= Regina Hexaphone =

Regina Hexaphone is a Durham, North Carolina group established in 1997 by Sara Bell and Chris Clemmons. Its current members are Sara Bell (vocals, guitar, piano), Nathan Brown (electronic organ, accordion, guitar, vocals), Chris Clemmons (bass, vocals), Jerry Kee (drums), and Margaret White (violin, vocals).

Regina Hexaphone was established as a duo in the summer of 1997 after Clemmons heard some of Bell's work. Their first published work was "Every Traveler's Song", recorded at Kee's Duck-Kee studio in September 1997 with Kee on drums and Brian Sliwa on guitar. The song appeared on the Third Place Coffeehouse's Local Honey compilation CD. Regina Hexaphone's first gig was at the Cave in Chapel Hill in late December 1997 with Zeke Hutchins playing drums and Greg Humphreys on slide guitar. White joined the band about six months later.

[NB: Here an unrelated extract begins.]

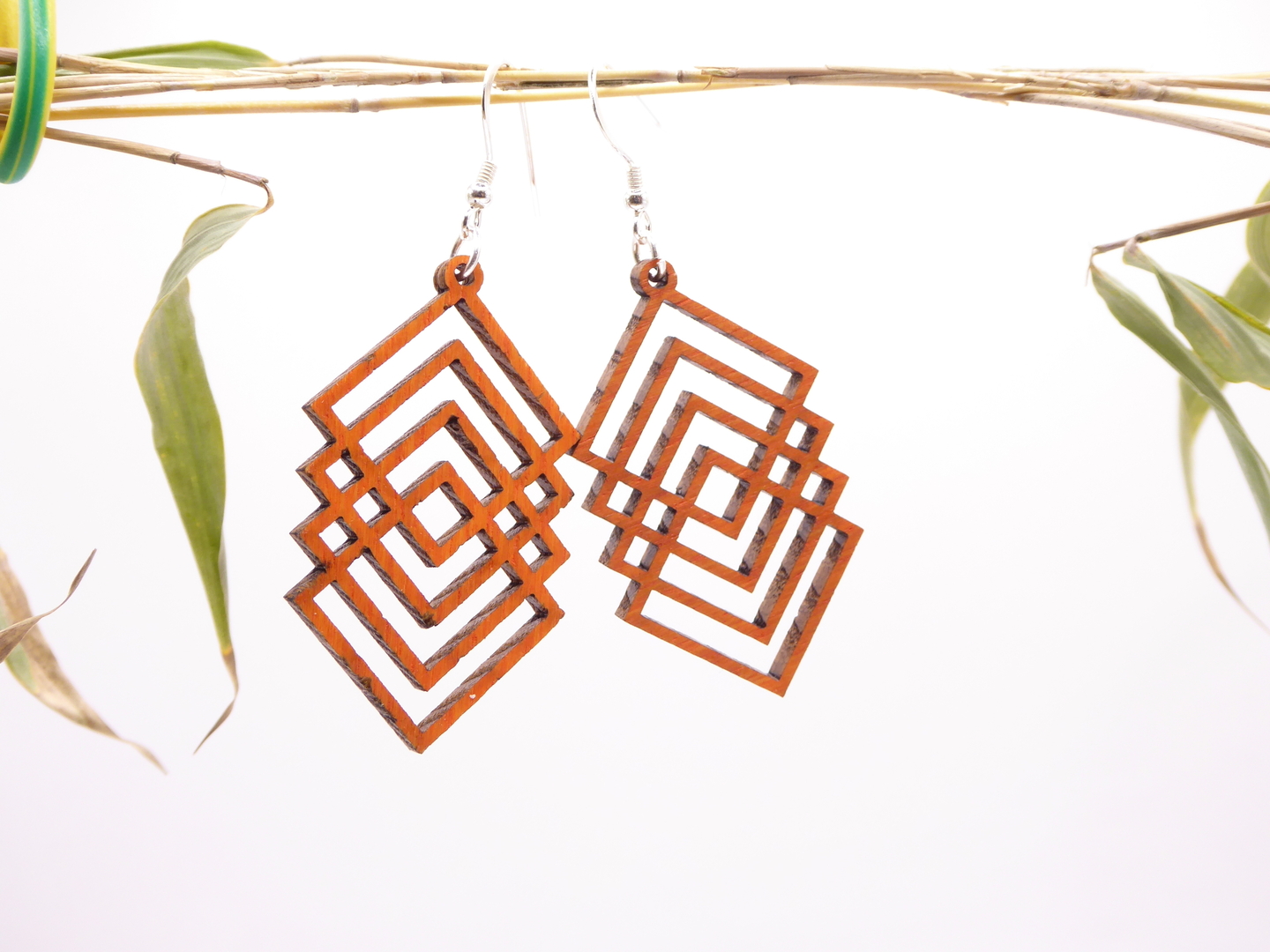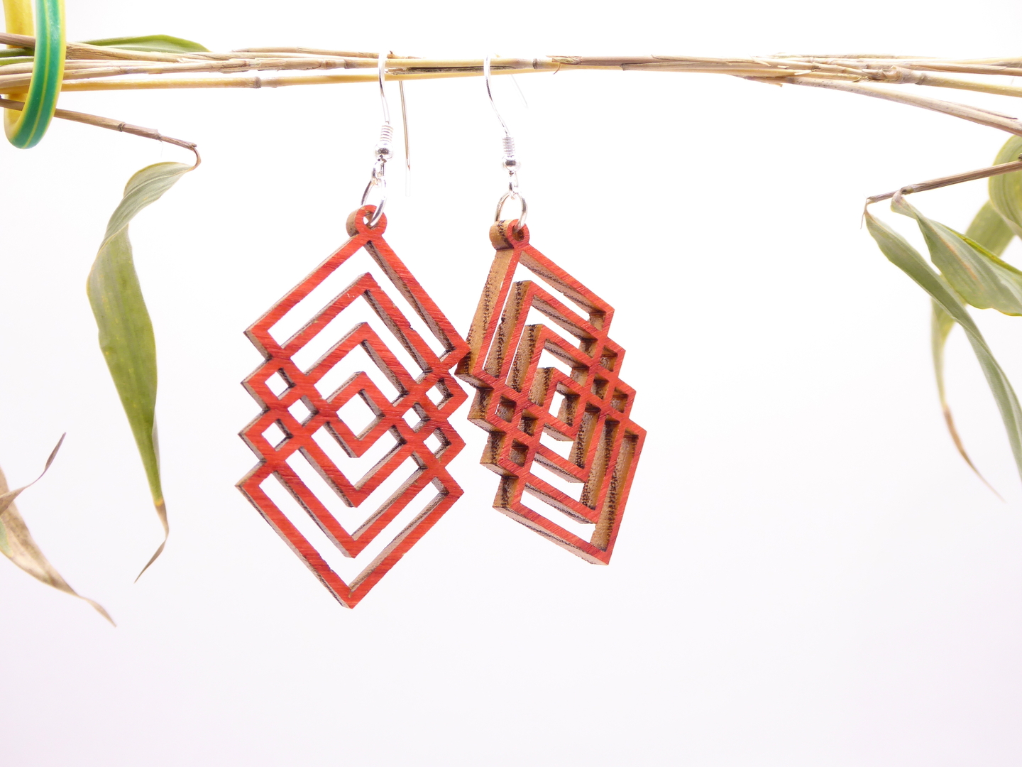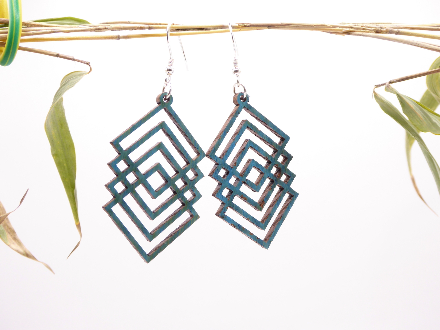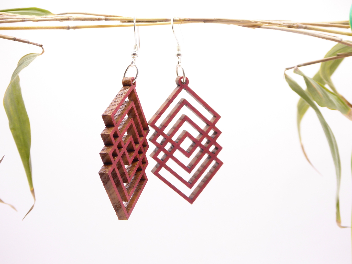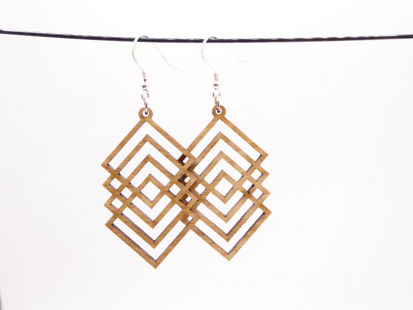 Bois;Argent;carré;dimensions : hauteur : 35mm / largeur : 35mm;Dimensions du pendant : Hauteur 44mm/ Largeur : 25mm

The band contributed "Mary Don't You Weep" to the compilation CD Day Before Yesterday in the summer of 1998. The band remained productive and contributed addition recordings, including a self-produced album Eleven Songs, which was recorded and mixed by Kee and Anders Parker and released in 2001. Kee became the regular drummer at some point. In June 2004 the first "proper" album, The Beautiful World, was released by the band's own label, Erie Recordings. In 2007, the band released their most recent album, Into Your Sleeping Heart.

==Discography==
Eleven Songs, 2001

- "Ice"
- "Cicadas"
- "New Wave Pop"
- "Radiate"
- "Hero Wings"
- "Ethan's Dreams"
- "Summer Bats"
- "The Robot with the Heart Shaped Hands"
- "Land"
- "Prowlers"
- "One Small Canoe"

The Beautiful World, 2004
- "The Seahorse And The Sand Dune"
- "Ice"
- "I Hear A Rumor"
- "Highway 65"
- "40 Days"
- "Bright Falling Stars"
- "Cicadas"
- "One Small Canoe"
- "Ethan’s Dreams"
- "Radiate"
- "Hero Wings"
- "Le Machine"

Into Your Sleeping Heart, 2007
- "Empty the Rivers"
- "The Forty-Niner"
- "Move"
- "Where the Angels Sing"
- "Bella Lilla"
- "Spider Boys"
- "Glory Be"
- "Waiting for the Wind"
- "Parade"
- "Baby Come Down"
- "The Rib Shack"
- "Mehitabel"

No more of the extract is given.